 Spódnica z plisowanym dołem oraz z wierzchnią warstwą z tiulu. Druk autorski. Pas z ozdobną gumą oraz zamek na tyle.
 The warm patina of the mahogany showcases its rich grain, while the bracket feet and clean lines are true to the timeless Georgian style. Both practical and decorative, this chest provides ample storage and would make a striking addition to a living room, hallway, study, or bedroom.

...

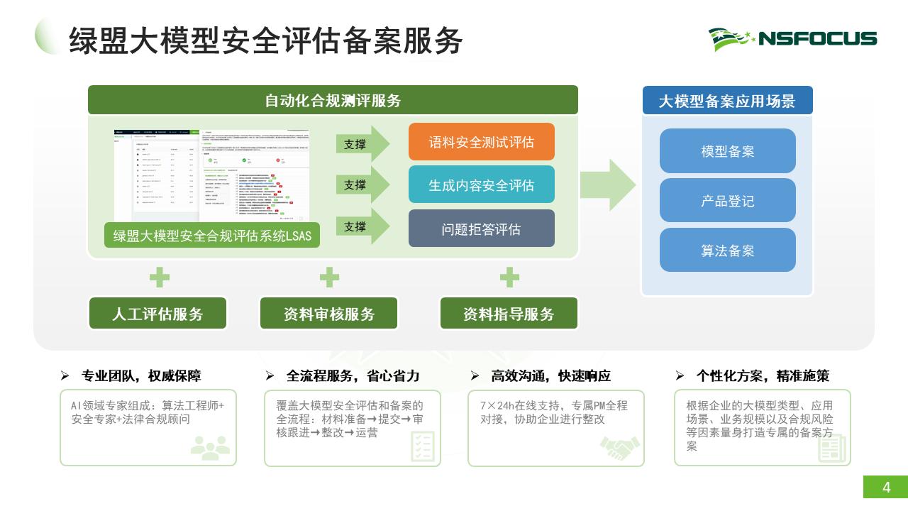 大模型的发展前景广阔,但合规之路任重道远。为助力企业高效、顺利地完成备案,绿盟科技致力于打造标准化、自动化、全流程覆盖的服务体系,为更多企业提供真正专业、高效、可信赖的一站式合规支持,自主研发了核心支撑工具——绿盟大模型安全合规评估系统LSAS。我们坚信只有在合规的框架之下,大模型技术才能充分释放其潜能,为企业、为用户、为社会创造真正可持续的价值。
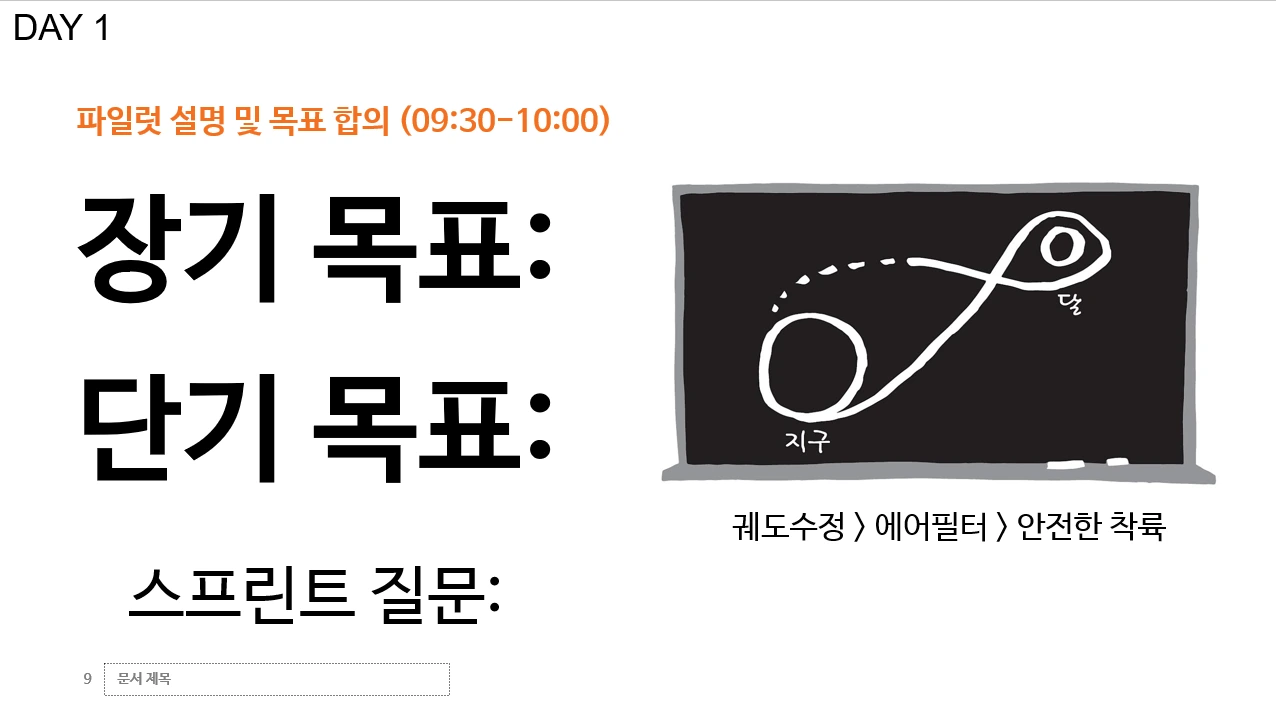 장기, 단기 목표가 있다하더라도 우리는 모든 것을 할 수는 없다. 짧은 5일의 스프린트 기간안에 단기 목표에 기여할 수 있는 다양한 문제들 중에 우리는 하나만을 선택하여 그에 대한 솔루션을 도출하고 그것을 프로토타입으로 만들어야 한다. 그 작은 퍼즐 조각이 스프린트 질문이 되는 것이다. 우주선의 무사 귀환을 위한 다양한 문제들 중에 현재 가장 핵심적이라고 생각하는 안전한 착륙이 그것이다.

==

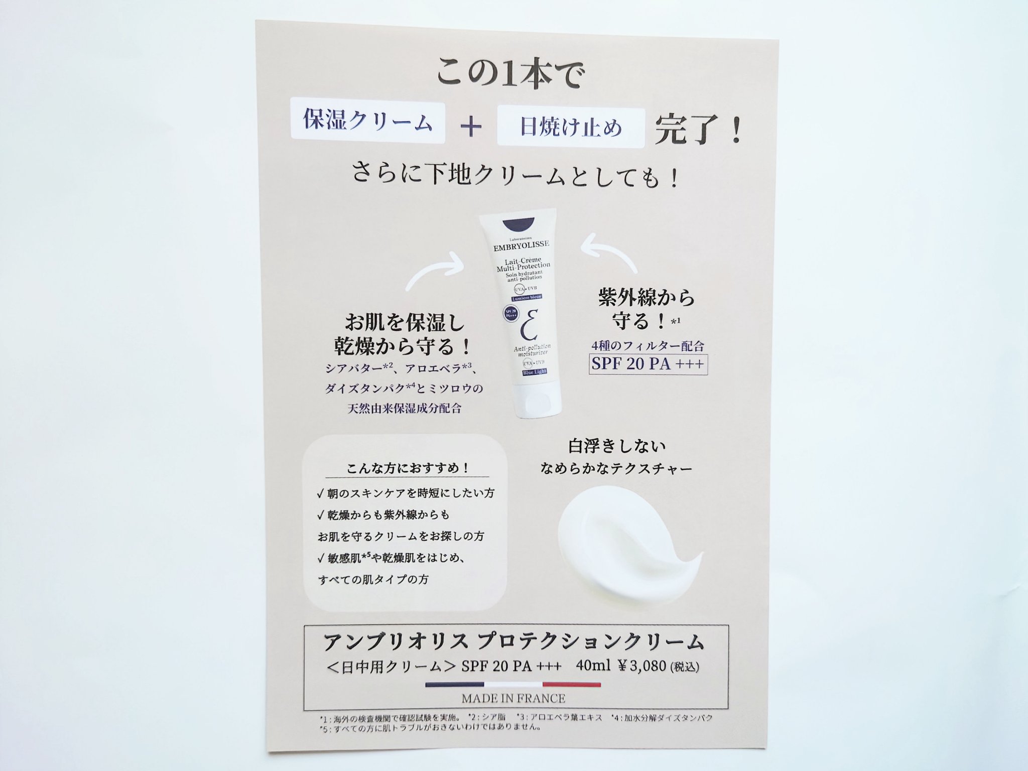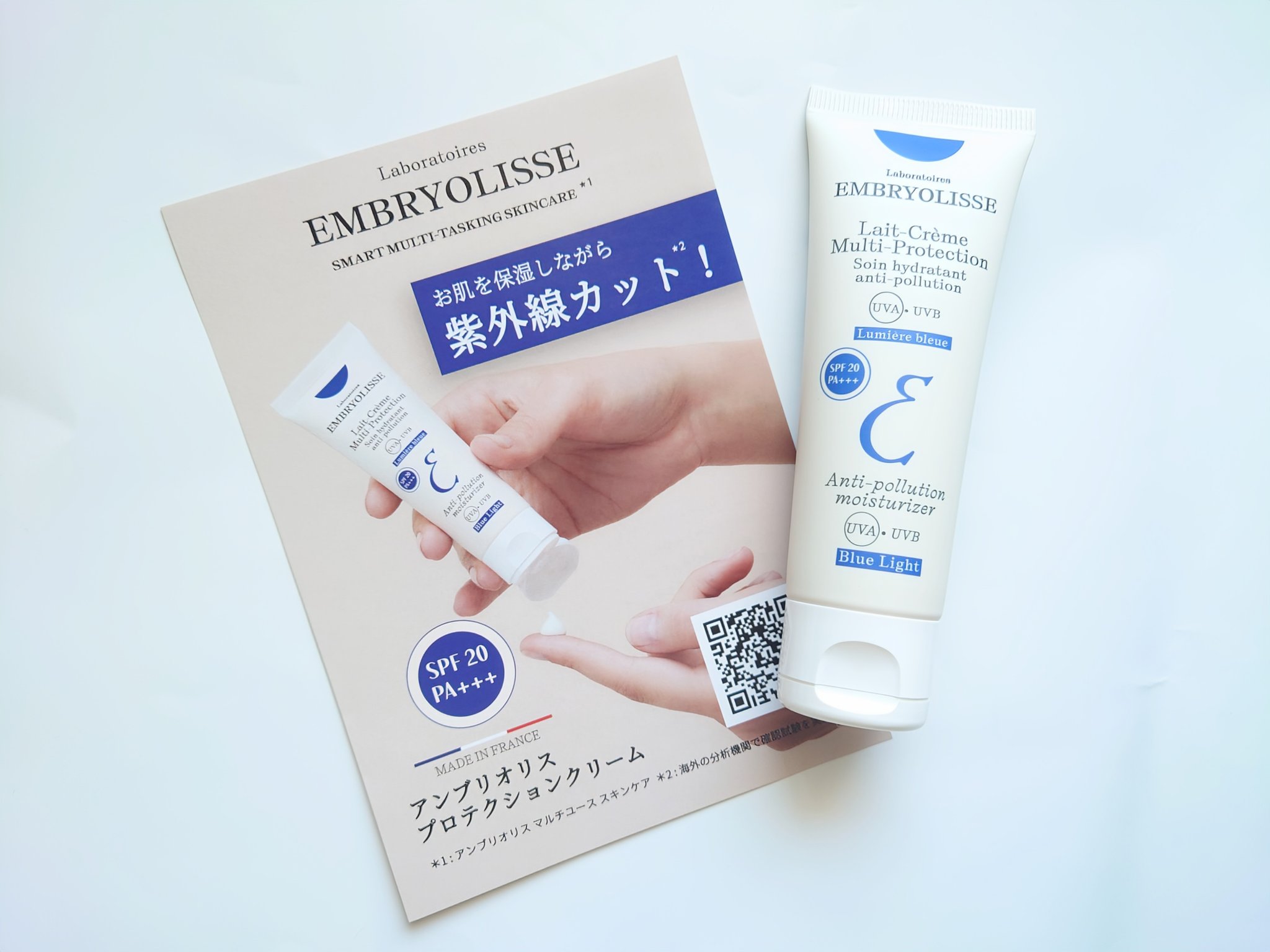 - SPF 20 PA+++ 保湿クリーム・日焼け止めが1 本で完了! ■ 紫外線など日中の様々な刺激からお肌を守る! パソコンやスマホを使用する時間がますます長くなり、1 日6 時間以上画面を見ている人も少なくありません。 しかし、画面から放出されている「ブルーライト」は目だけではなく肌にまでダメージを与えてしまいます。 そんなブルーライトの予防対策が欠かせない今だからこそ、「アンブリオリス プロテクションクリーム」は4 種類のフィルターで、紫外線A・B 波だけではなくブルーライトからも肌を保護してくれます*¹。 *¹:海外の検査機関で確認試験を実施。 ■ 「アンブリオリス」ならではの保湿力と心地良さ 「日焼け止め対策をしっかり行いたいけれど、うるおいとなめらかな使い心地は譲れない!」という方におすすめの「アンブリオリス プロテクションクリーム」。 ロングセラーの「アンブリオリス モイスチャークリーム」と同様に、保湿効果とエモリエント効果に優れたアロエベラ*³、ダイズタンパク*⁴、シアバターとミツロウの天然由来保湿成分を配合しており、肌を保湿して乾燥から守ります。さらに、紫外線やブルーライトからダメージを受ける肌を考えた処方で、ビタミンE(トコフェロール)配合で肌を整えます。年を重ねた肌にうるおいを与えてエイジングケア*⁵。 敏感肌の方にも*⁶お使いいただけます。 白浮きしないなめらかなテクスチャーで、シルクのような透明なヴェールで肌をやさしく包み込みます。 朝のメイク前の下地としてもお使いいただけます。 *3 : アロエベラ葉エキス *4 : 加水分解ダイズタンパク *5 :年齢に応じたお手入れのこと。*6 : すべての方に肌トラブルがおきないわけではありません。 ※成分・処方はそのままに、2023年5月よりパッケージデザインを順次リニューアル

__WHAT YOU WILL DO__. Retype the entries above exactly, but only from the line containing "Spódnica z plisowanym" through the line containing "The warm patina", both included.

__EXERCISE SOLUTION__.
 Spódnica z plisowanym dołem oraz z wierzchnią warstwą z tiulu. Druk autorski. Pas z ozdobną gumą oraz zamek na tyle.
 The warm patina of the mahogany showcases its rich grain, while the bracket feet and clean lines are true to the timeless Georgian style. Both practical and decorative, this chest provides ample storage and would make a striking addition to a living room, hallway, study, or bedroom.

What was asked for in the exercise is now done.